-- Opening Marker --

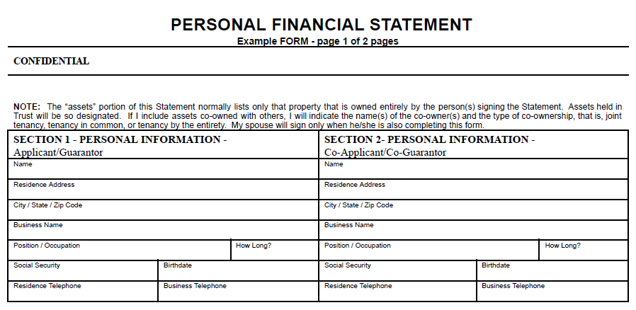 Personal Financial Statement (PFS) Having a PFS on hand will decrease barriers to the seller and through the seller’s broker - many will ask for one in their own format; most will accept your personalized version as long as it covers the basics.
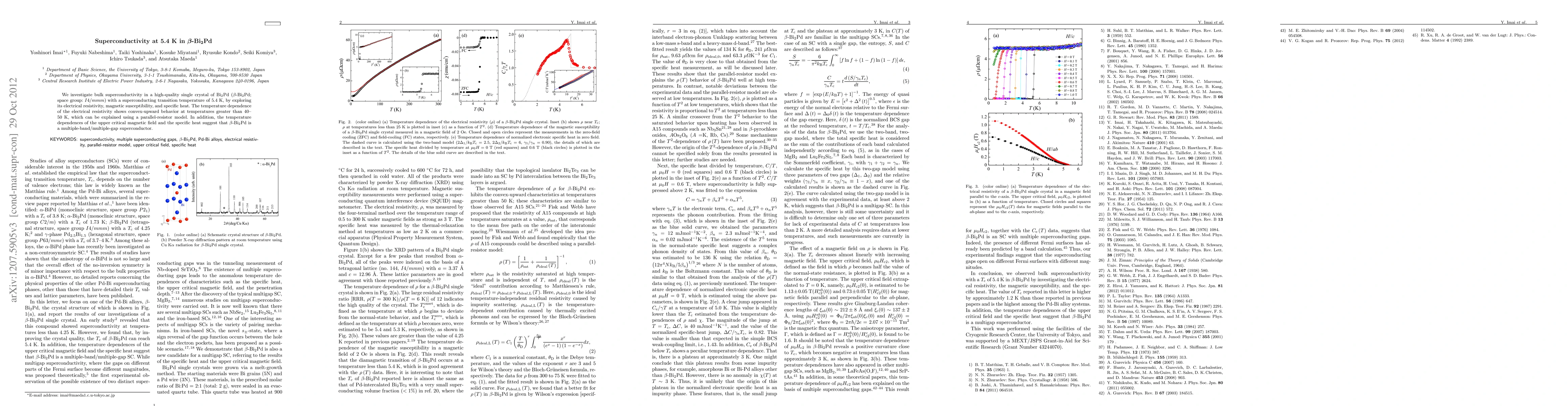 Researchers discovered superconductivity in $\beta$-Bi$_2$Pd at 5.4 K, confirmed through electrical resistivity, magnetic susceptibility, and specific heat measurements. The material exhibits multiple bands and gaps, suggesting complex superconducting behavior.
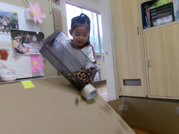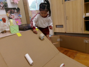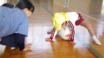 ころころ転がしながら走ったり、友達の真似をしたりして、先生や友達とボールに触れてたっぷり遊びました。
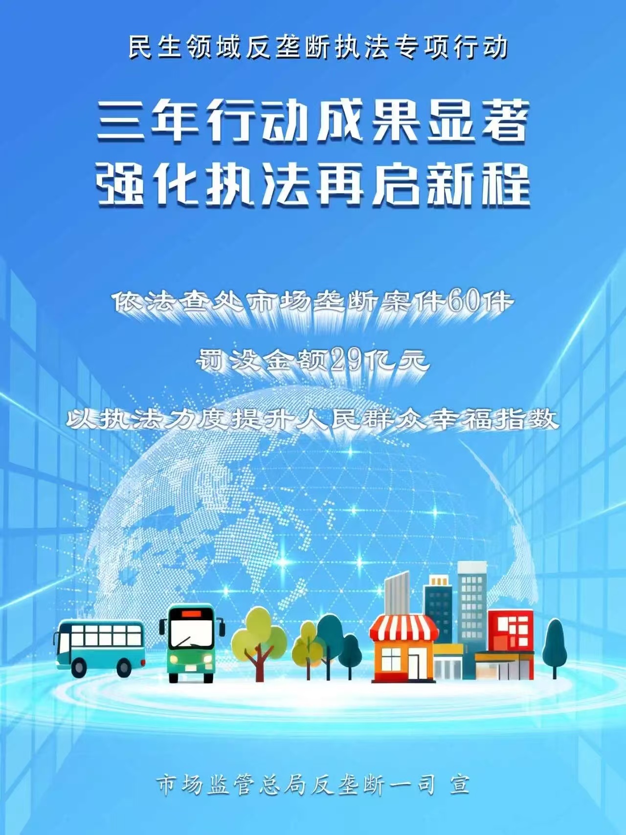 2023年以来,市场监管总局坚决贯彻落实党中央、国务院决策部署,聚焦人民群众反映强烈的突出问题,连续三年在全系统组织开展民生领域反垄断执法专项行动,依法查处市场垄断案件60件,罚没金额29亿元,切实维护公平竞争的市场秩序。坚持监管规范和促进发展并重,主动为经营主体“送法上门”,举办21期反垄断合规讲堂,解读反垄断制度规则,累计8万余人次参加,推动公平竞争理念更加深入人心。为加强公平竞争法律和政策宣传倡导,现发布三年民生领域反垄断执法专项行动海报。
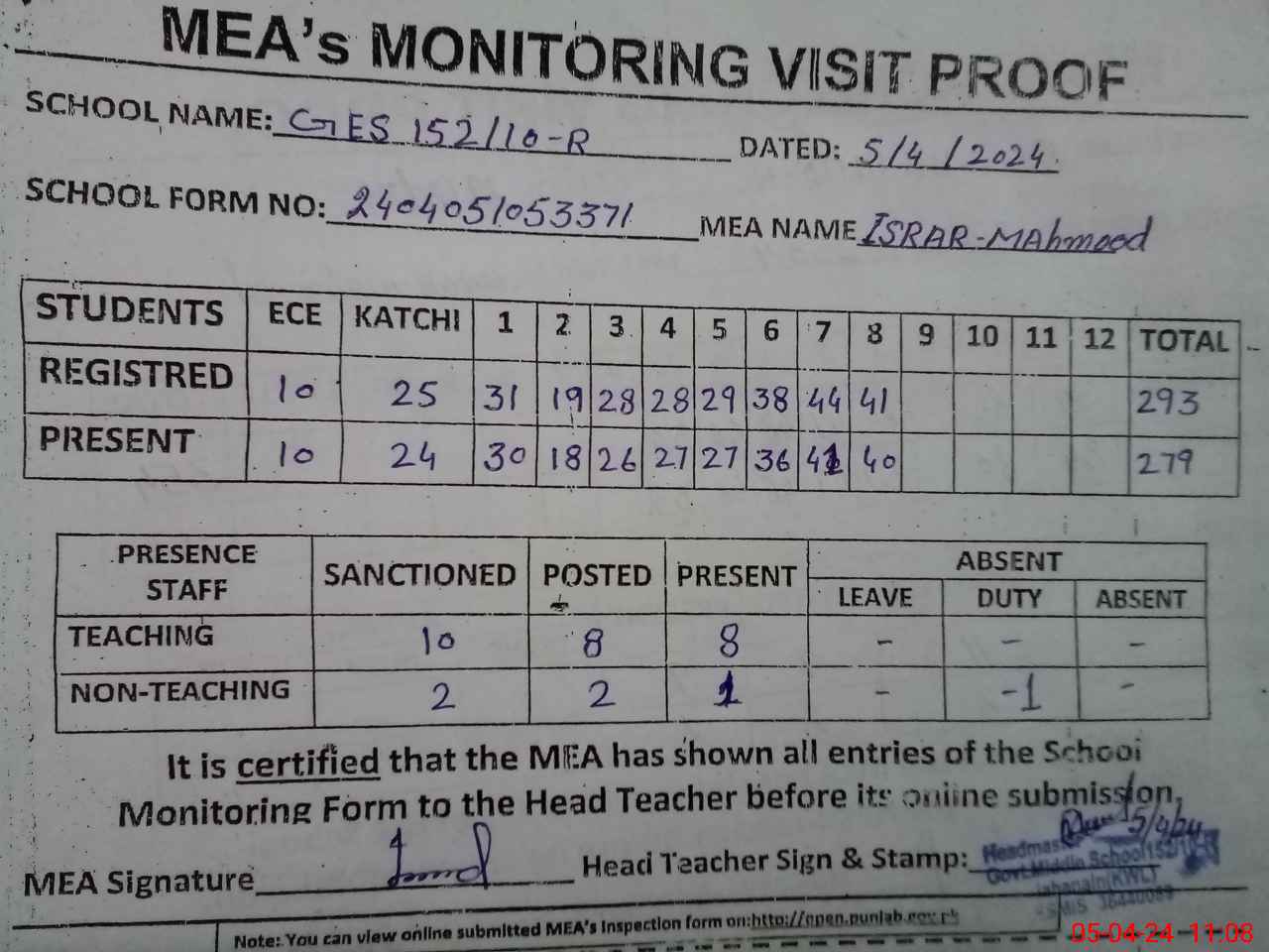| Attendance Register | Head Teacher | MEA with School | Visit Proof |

-- Closing Marker --
-- Opening Marker --

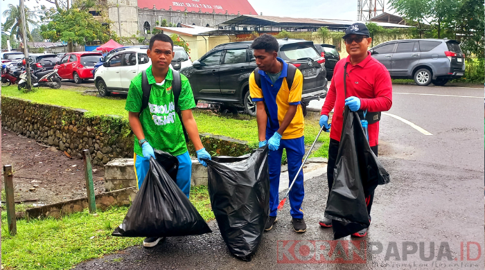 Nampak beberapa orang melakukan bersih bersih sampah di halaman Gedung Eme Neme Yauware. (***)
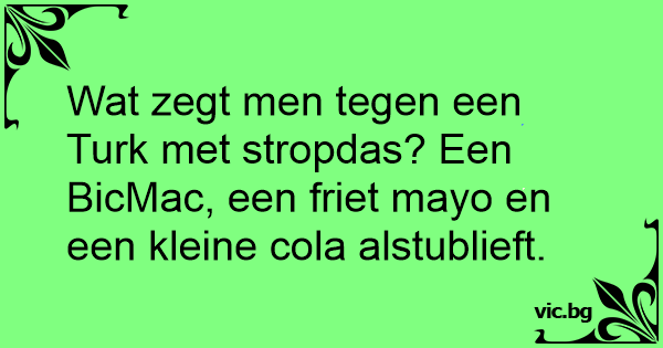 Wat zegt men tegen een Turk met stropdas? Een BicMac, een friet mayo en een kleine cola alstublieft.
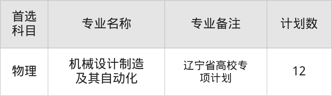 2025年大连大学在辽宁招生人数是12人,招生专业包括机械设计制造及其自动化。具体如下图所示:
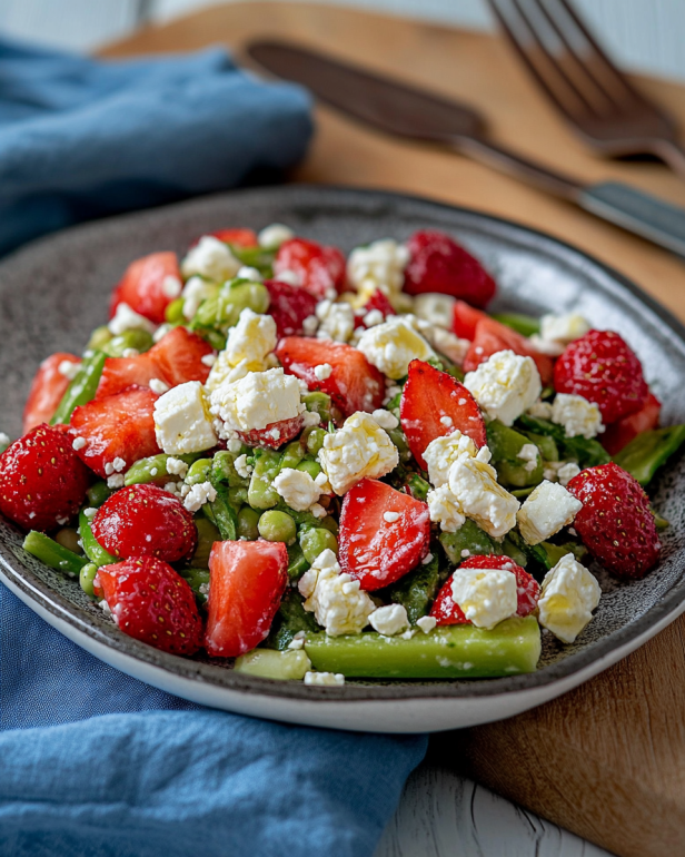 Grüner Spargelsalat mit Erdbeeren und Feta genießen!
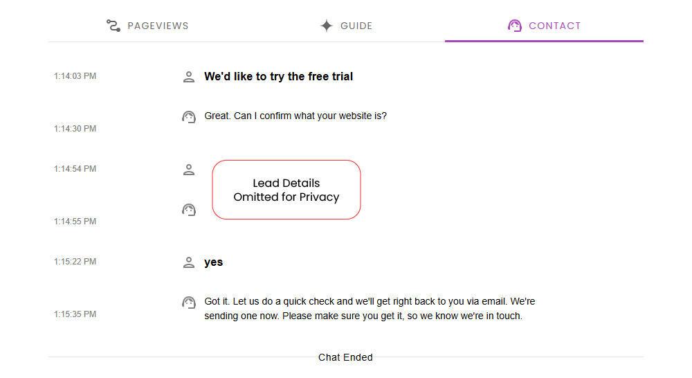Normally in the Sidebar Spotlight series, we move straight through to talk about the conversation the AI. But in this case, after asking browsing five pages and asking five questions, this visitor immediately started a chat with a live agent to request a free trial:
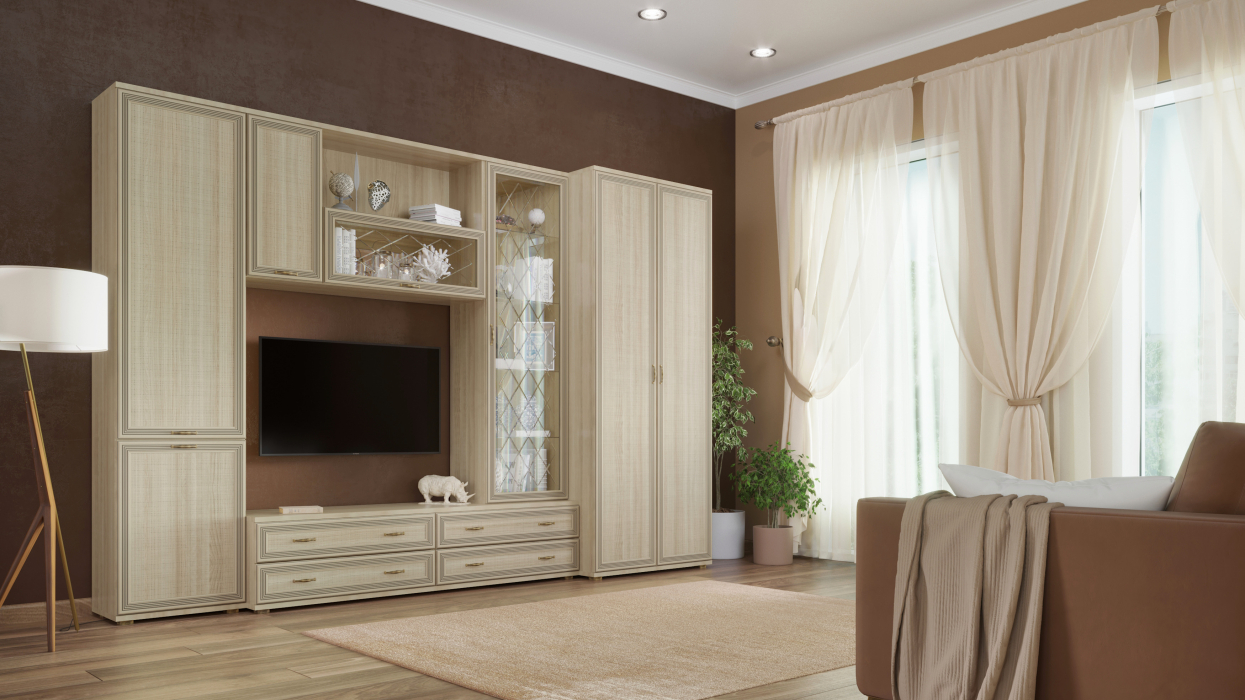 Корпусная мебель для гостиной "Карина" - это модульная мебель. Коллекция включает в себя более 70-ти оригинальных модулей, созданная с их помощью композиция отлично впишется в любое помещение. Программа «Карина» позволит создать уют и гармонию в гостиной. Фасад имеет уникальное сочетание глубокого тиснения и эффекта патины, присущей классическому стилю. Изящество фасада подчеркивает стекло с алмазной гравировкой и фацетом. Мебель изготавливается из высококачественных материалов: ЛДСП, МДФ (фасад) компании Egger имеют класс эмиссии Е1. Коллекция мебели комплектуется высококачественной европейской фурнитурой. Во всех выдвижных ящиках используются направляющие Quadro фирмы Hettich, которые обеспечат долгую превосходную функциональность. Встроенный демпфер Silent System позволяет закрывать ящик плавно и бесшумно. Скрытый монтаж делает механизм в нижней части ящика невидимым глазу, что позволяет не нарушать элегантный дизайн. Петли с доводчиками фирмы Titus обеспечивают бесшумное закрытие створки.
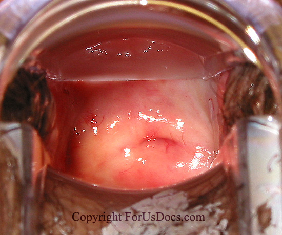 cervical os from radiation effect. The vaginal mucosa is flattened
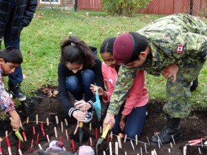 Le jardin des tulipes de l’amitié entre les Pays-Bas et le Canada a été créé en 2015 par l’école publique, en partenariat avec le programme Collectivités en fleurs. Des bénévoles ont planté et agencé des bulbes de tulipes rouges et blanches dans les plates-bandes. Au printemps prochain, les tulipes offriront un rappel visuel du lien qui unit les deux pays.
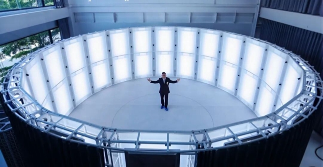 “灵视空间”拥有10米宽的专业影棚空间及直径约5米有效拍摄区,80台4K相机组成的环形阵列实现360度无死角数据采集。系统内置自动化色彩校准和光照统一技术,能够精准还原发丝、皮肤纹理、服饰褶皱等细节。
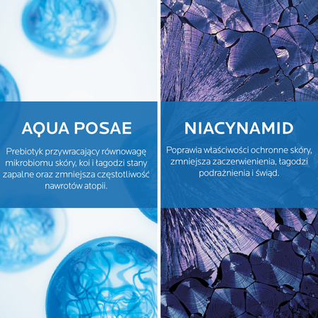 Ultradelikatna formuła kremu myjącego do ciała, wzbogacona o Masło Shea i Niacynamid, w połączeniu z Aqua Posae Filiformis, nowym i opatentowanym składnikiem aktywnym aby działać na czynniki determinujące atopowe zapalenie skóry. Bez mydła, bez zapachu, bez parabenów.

-- Closing Marker --
-- Opening Marker --

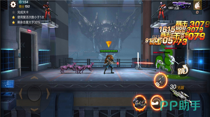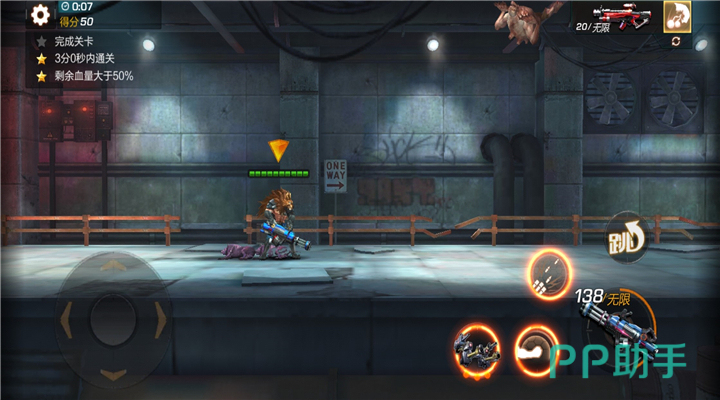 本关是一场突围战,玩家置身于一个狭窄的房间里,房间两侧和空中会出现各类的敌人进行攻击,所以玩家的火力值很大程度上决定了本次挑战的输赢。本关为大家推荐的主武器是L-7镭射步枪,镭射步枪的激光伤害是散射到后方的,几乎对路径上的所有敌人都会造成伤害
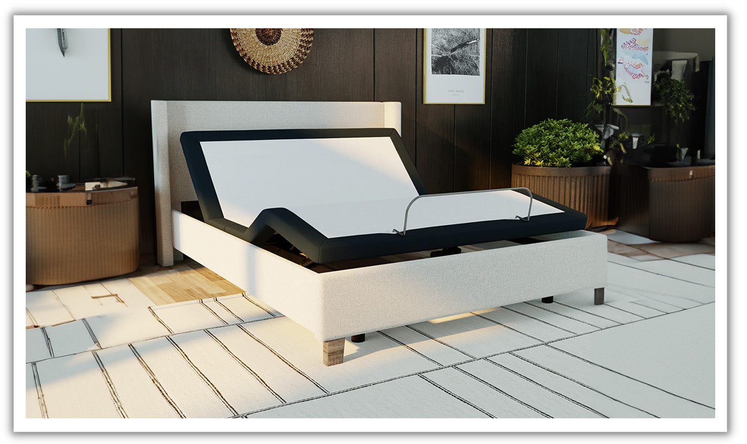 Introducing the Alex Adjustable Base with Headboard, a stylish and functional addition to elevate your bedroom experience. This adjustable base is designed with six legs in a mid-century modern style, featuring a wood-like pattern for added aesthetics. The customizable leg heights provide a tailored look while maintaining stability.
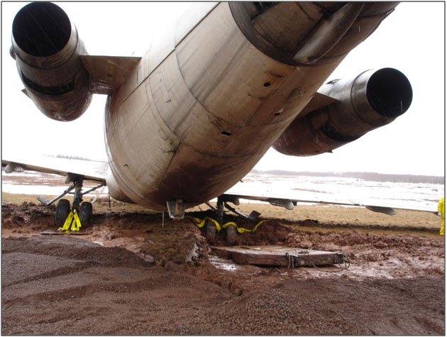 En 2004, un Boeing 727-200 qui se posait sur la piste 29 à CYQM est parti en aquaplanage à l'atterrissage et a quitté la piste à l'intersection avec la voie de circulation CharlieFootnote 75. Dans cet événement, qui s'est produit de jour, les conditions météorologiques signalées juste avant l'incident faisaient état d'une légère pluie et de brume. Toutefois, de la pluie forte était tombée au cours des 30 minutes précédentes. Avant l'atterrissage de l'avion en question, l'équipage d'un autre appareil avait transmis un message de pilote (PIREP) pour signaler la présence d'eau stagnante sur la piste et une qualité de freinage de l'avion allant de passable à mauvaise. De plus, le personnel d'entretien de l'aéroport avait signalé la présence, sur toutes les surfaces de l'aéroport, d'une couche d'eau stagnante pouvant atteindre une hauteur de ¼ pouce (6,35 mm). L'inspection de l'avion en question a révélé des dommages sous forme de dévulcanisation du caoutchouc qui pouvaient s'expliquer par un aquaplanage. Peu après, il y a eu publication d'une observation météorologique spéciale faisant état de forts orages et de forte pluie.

-- Closing Marker --

In the entries above, find the line with "2025年大连大学在辽宁招生" and the line with "Normally in the". Return exactly those lines and all the ones between them, pictures excluded.

 2025年大连大学在辽宁招生人数是12人,招生专业包括机械设计制造及其自动化。具体如下图所示:
 Grüner Spargelsalat mit Erdbeeren und Feta genießen!
Normally in the Sidebar Spotlight series, we move straight through to talk about the conversation the AI. But in this case, after asking browsing five pages and asking five questions, this visitor immediately started a chat with a live agent to request a free trial:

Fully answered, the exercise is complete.